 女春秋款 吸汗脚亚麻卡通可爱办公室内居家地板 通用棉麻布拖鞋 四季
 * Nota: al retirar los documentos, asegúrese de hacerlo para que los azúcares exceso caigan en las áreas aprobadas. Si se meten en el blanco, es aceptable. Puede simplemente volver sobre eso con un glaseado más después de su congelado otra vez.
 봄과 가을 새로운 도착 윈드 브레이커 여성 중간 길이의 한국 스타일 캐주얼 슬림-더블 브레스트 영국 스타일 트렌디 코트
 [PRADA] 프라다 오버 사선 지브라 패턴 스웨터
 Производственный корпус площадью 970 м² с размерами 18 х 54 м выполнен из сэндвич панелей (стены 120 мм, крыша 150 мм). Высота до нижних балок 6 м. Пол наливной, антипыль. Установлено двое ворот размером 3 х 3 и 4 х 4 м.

---

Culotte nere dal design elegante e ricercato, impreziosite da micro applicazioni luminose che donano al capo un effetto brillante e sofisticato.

#### PROBLEM TO SOLVE:
Above are the entries. Output exactly the lines beginning with the line that has "봄과 가을 새로운 도착" and ending with the line that has "Производственный корпус площадью".

#### THE COMPLETED TASK:
 봄과 가을 새로운 도착 윈드 브레이커 여성 중간 길이의 한국 스타일 캐주얼 슬림-더블 브레스트 영국 스타일 트렌디 코트
 [PRADA] 프라다 오버 사선 지브라 패턴 스웨터
 Производственный корпус площадью 970 м² с размерами 18 х 54 м выполнен из сэндвич панелей (стены 120 мм, крыша 150 мм). Высота до нижних балок 6 м. Пол наливной, антипыль. Установлено двое ворот размером 3 х 3 и 4 х 4 м.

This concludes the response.